In fact, only a brief period of Bell's career involved juvenile roles. He was an excellent Smike in the 2002 film of Charles Dickens's Nicholas Nickleby. But, in the same year, he played a British soldier in the undervalued horror film Deathwatch. He was terrific in David Gordon Green's Undertow, a slice of southern Gothic. Then he found himself chasing huge monkeys in Peter Jackson's King Kong. It doesn't sound as if he had time to consider the often-difficult transition from child actor to senior performer. Failure never came into it.

“No. That was never an option,” he says with determination. “Not achieving was not an option. I never thought about not continuing and not working. It’s up to me now, I thought. I have to figure out how to work. I have to work out who to trust. I had great support from Stephen and my mother. But I have to perform. Nobody is going to do it for me.” And that involved conquering – or at least seducing – the United States.

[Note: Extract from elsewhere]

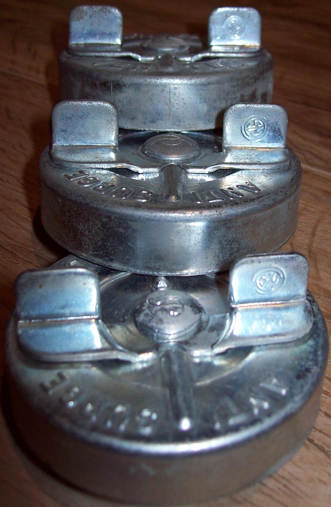 Concourse Mint GM NOS "ANTI SURGE VENTED" gas caps. The only difference from these Over the counter GM NOS caps is the rear Gasket, Assembly line caps came with a Cardboard paper gasket, GM later improved them by asking Stant Manufacturing Corporation to put rubber gaskets for a better seal. All caps have correct Embossed Fonts with "SMC" logo on one of the handles side and Pinched center "S" big rivet. I have NO boxes as I bought these as a lot from a dealer close out on the internet.
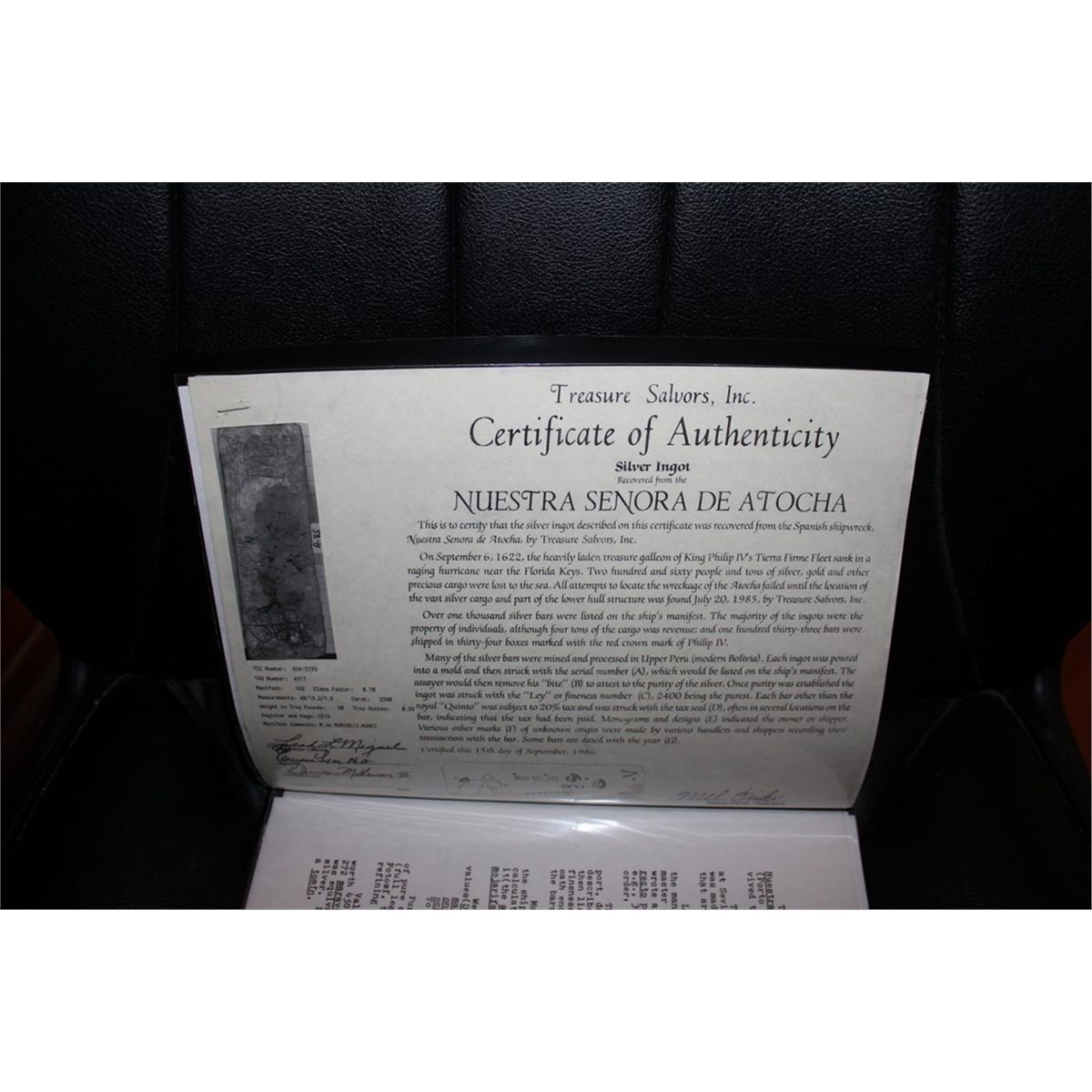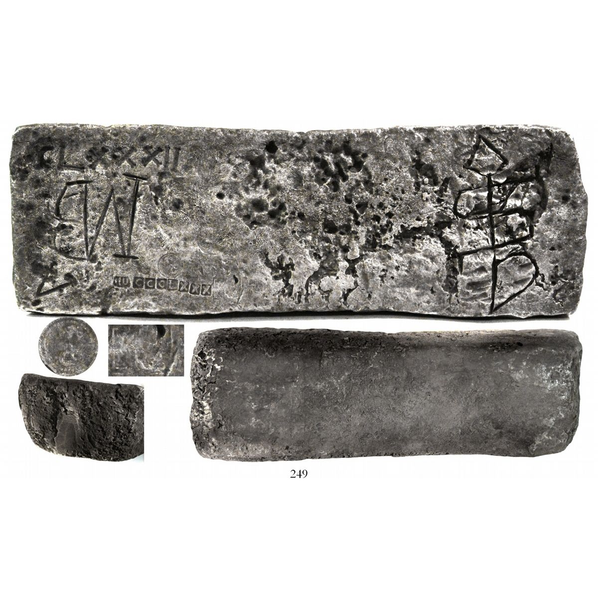 Large silver bar #182, 90 lb 0.32 oz troy, Class Factor 0.7, with special certificate. Approx. 15-3/4" x 5" x 3". Interesting Oruro (foundry) ingot with owner/shipper marks re-stamped in a crudely remelted area (not corrosion, as it might seem at first), which is somewhat normal for this foundry, also with full circular stamp with crown above O (looks like what we see on the 1649-1652 Potosi coinage) above bold fineness IIUCCCLXXX (2380/2400) to left of faint (unattributed) assayer cartouche that includes letters LRA, incuse manifest number CLXXXII (182), traces of cylindrical assayer's "bite" in corroded area on side at one end. In short, this is every bit of a Class Factor-0.9 bar (lacking only the date), but the re-melting was confused for heavy corrosion. From the Atocha (1622), with original Fisher certificate, plastic tag and packet of manifest information.

"I needed to prove to myself that I could play an American," he agrees. "That's such a big part of the casting process. They don't particularly like casting people who aren't American. But, look at something like the last X-Menfilm, with Michael Fassbender and James McAvoy. There are a lot of people from the UK and Australia doing these parts now." So how do you go about it? He was very convincing as a southerner in Undertow. Does he walk around listening to tapes?

“I hung out in Wall-Mart. I got into blues music. There’s actually a lot of similarities between the southern hospitality and the north of England.” He spent some time living in New York, before giving in to the inevitable and moving to Los Angeles.

You wouldn't expect a working-class Northerner to embrace the life of plastic surgery and pink-tiled swimming pools. Sure enough, he claims that he never goes anywhere near Beverly Hills and made sure to find a home among the funkier, less ornate streets of seaside Venice. "The first time I went there I was like everybody else," he marvels. "I thought: everything is huge. Their milk cartons are huge. Their fridges are like cars. You notice the sound of a bag rustling like the one Sigourney Weaver carried in Ghostbusters. I was in love with all that stuff. Then suddenly all those things you knew from movies become normal."

And despite settling in nicely, he has not yet learned to drive. Such an admission can cause embarrassment in Los Angeles. “Yeah, I take cabs everywhere,” he says. “People say: what if you had to get to hospital? I think I could manage to drive that far.” I’m sure he could.

Failure is, indeed, not an alternative for this determined young man from Durham.